ここは通過点とばかり、優勝の瞬間は努めて喜びを抑えた。相手最終打者のフライが中堅・野川大輔のグラブに収まったが、各選手とも大げさなアクションはない。笑顔をのぞかせながらも、足早に最後の礼に向かい勝利の校歌を聞いた。
全員3年生で臨んだ決勝戦。鈴木喬主将は「複数得点のイニングも2回あったし、良かったと思います。つなぐ野球はできた」と畳みかける攻撃が身上の自分たちのプレーができたことを強調した。昨秋の県大会準決勝16―2で5回コールド勝ちしていた相手との再戦。本塁打で先制されたが、全くたじろがず、あっさり返り討ちした。
小林が9回投げ切る 太田と2本柱が確立
今大会1イニングしか投げていなかった小林三邦が9回を投げ切った。3回無死満塁のピンチも直前3点をリードしたこともあって「点差があったことで、焦らなかった。落ち着いて投げられることができた」と併殺で切り抜けた。その後5、6回に計3点を取られたがリードを広げてからのもの。スライダーなど変化球と直球をバリエーションよく相手打者を仕留める投球は小気味良かった。準決勝(対山形中央)の太田陽都に続く先発完投勝利。投手2本柱が確立された。
県大会5試合で失策0。コロナのため全体練習が出来なかった期間が続いたがその分「1つのゴロも絶対大事に、捕球をおろそかにしなかった」(鈴木主将)という練習への真剣味が結果に表れた。センバツ進出校が出場する甲子園交流大会の開催が決まった後はモチベーションはさらに高まり、他校に付け入るスキを与えなかった。
チームのピークはあくまでも16日の甲子園・日本航空石川戦に置くが、東北大会がさらなる実力向上の場になる。
佐藤俊監督は「県大会は各選手ともしっかり準備して臨んでくれた。東北大会でも選手は入れ替える」と明言。チーム内のさらなる競争を促した。最大で3試合。昨秋の東北決勝で敗れた仙台育英は別ブロックに入り、互いに決勝に進出した場合、敵討ちのチャンスが巡ってくる。初戦・青森山田には昨秋準々決勝で逆転勝ちした。それだけにリベンジに燃えてくるはずだ。さらにレベルの高い相手との実戦を経て、甲子園では完成形のチームが見られるに違いない。
北原捕手 まだ投手との間の投球の間合いとか研究課題はある。気を引き締めたい。
馬場一塁手 甲子園までスイングスピードをさらに磨きたい。
太田左翼手 準決に比べると打撃は上向き。投げるほうもしっかりしたい。
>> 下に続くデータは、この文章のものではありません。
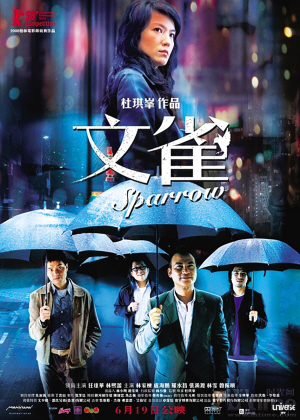 《文雀》不單看起來不像杜琪峰,連“聽”起來都讓人有這種感覺。杜琪峰以前寧愿用一些冷酷的臺詞來點(diǎn)燃靜默的鏡像,很少會在影片里用太多的音樂來烘托全片!段娜浮穭偤孟喾,臺詞少、音樂多,這一點(diǎn)倒也跟王家衛(wèi)有點(diǎn)像。在影片開始的一段里———任達(dá)華一句話都沒說,縫完衣服,一只小鳥飛了進(jìn)來,他釋放它之后小鳥又飛了回來,他笑了笑,就推單車出門了。直到任達(dá)華騎車穿過長長的街,到達(dá)茶餐廳和其他三個賊同伙見面之后,他才開口說話。
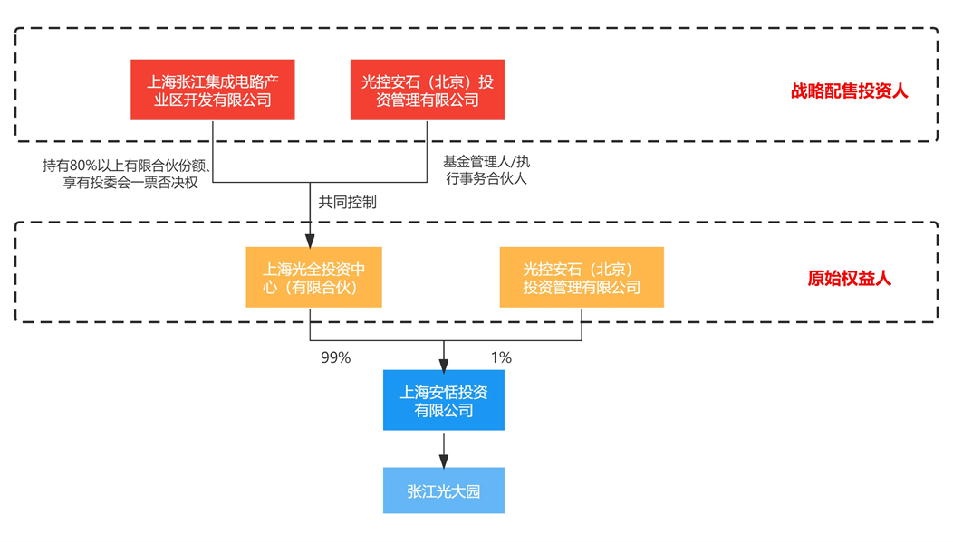 在國內(nèi)首單通過“Pre-REITs+公募REITs”退出的張江光大園公募REITs項目中,上海張江集成電路產(chǎn)業(yè)區(qū)開發(fā)有限公司(以下簡稱“張江集電”)因持有東上海光全投資中心(有限合伙)(以下簡稱“光全投資”)80%以上的合伙企業(yè)份額且享有投委會一票否決權,被認定為能夠與基金管理人/執(zhí)行事務合伙人光控安石(北京)投資管理有限公司(以下簡稱“光控安石”)共同控制光全投資,進而認定由張江集電、光控安石作為戰(zhàn)略配售投資人的安排符合公募REITs的發(fā)行條件。
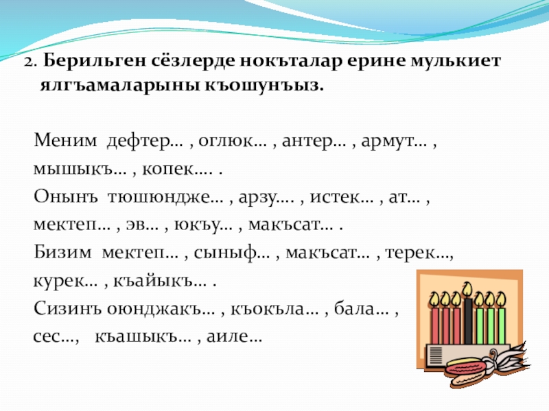 2. Берильген сёзлерде нокъталар ерине мулькиет ялгъамаларыны къошунъыз.
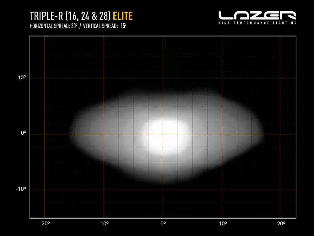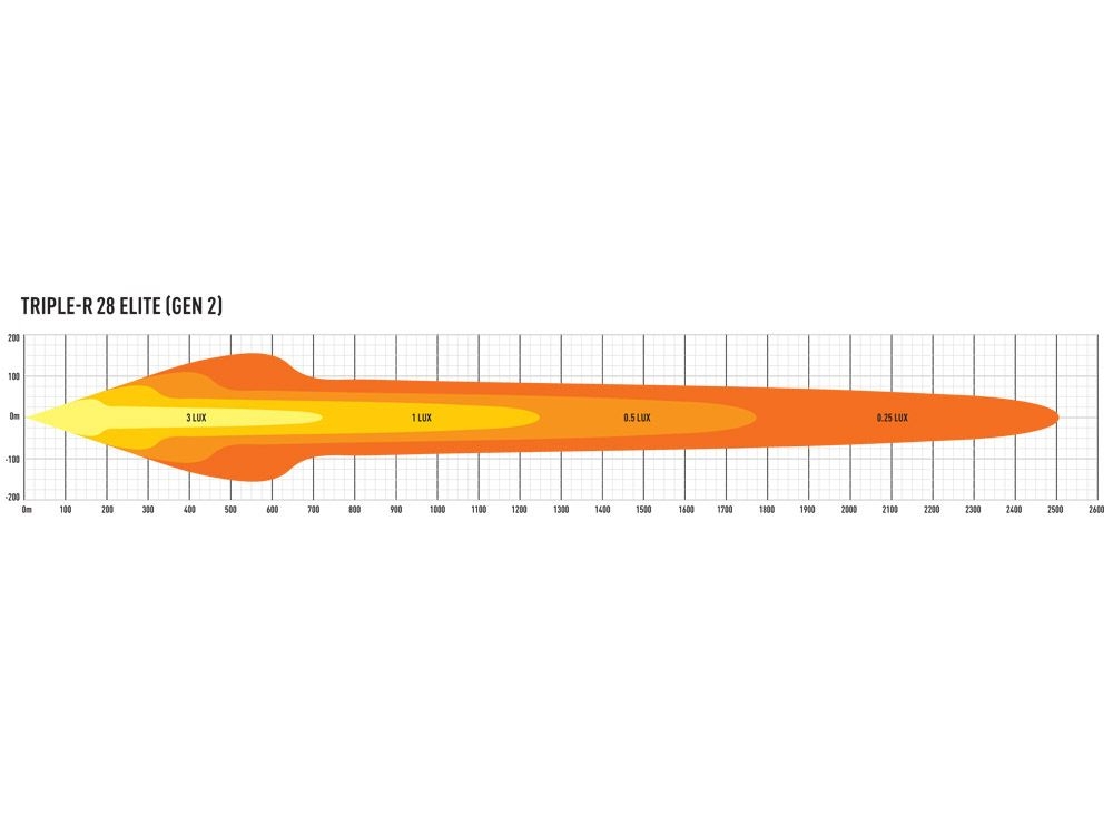 L'émission des projecteurs a été optimisée à une portée maximale en fonction des exigences du sport automobile de rallye et d'endurance, qui se déroule à des vitesses très élevées, au moyen de réflecteurs spécialement formés pour chaque LED. Alors que les lampes des séries ST et T éclairent également le bord de la route directement devant le véhicule, les lampes Triple-R sont optimisées pour la portée et n'atteignent l'éclairage latéral maximal qu'à partir d'environ la moitié de la portée. Par rapport à l'émission de lumière hybride des séries ST et T, la valeur de luminosité est jusqu'à cinq fois plus élevée au sommet.
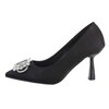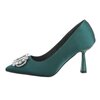 Groene pump met frontdecoratie in strass en originele naaldhak.
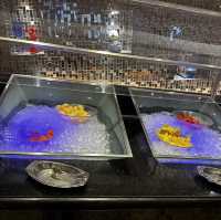 #Hotel Buffet Located at (8) Degree Harbour Plaza Hotel, Cafe 8 Degree is located on the basement level to the right of the main entrance. The most famous dessert in this city is the Mango Napoleon dessert. Because it is a semi-buffet, the main dishes are rich: Hainan chicken, sushi platter, lamb rack, steak restaurant atrium; the semi-buffet includes Chinese and Western soups, fruit salad, bread jelly candy, osmanthus cake and cheesecake, strawberry cake and mango Napoleon. Mango Napoleon is definitely the signature of this hotel!
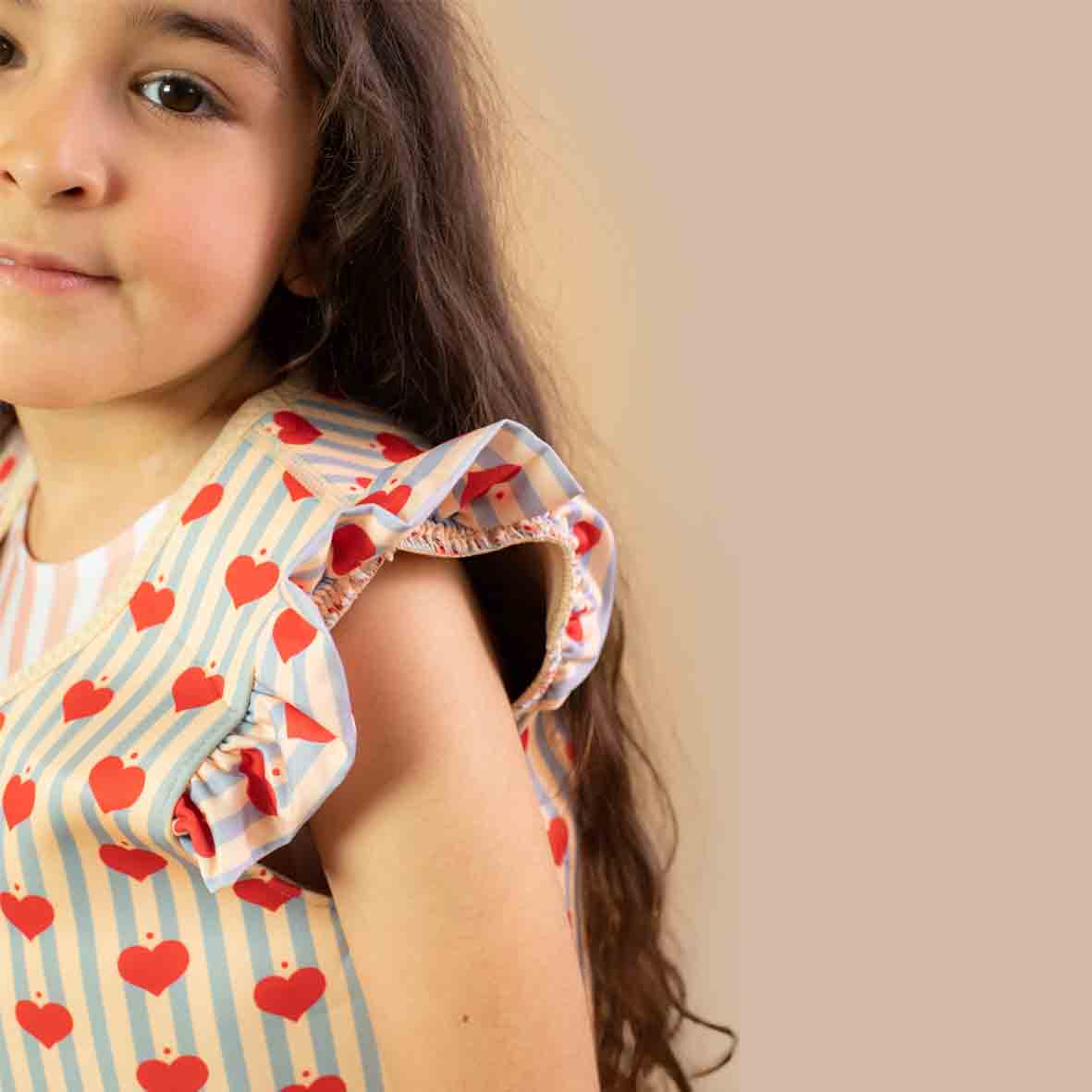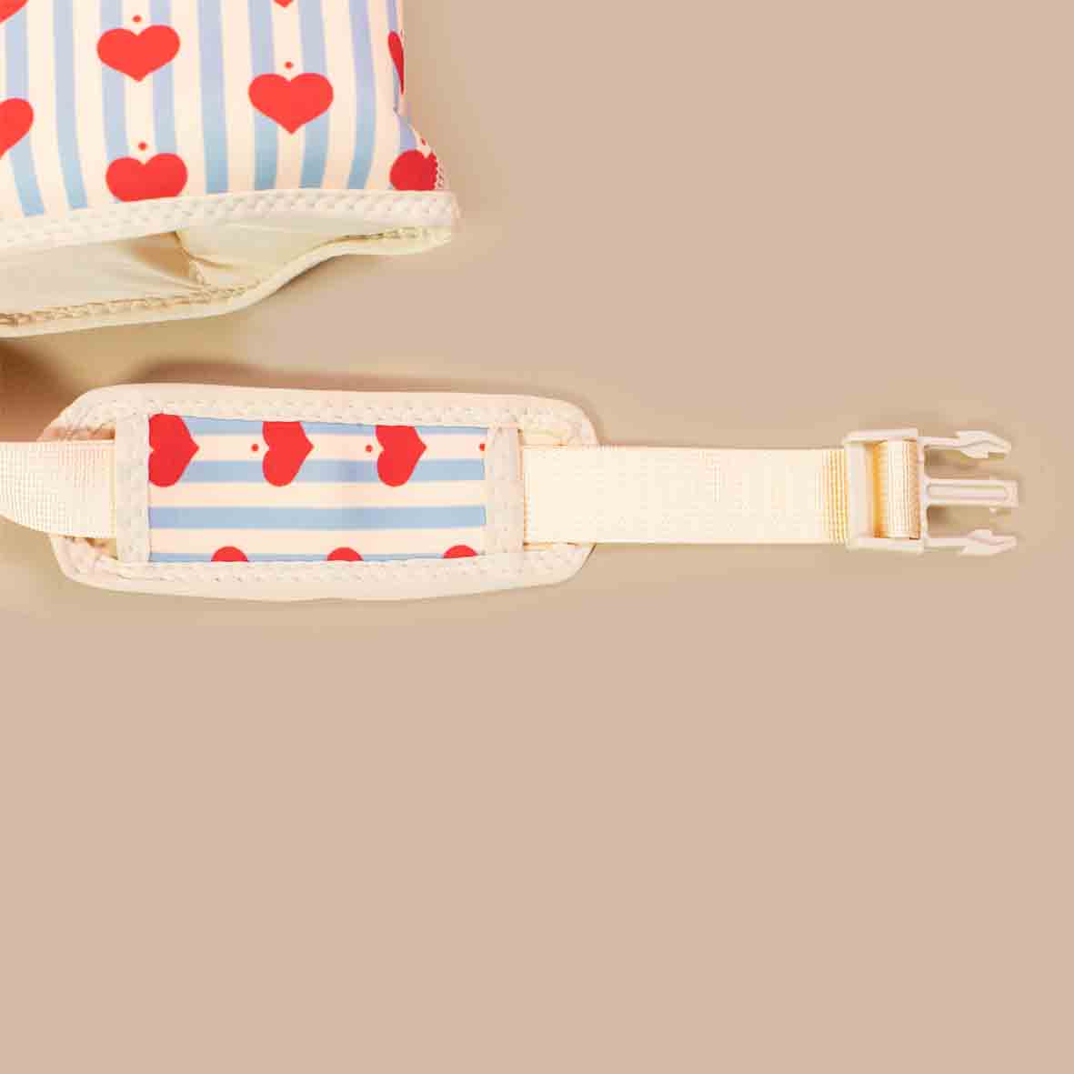 This adorable swim jacket features a playful heart design on a classic striped background, accented with sweet ruffled shoulders. Designed for ultimate comfort and safety, it helps your little one feel secure in the water while looking absolutely precious. Perfect for pool days, beach adventures, and summer fun!

(3安打)
○…甲子園の対戦相手、日本航空石川は石川県大会準決勝まで進出した。8日に金沢商と戦い、勝てば翌9日の決勝に進出する。相手ブロックの準決勝は星稜―津幡。ともに甲子園に出場する星稜が決勝進出の場合、昨秋の北信越大会決勝の再戦となるが、決勝で日本航空石川は1―19で敗れている。エース右腕・田中颯希が変わらずチームの軸。なお夏の北信越大会は行われず、甲子園直行となる。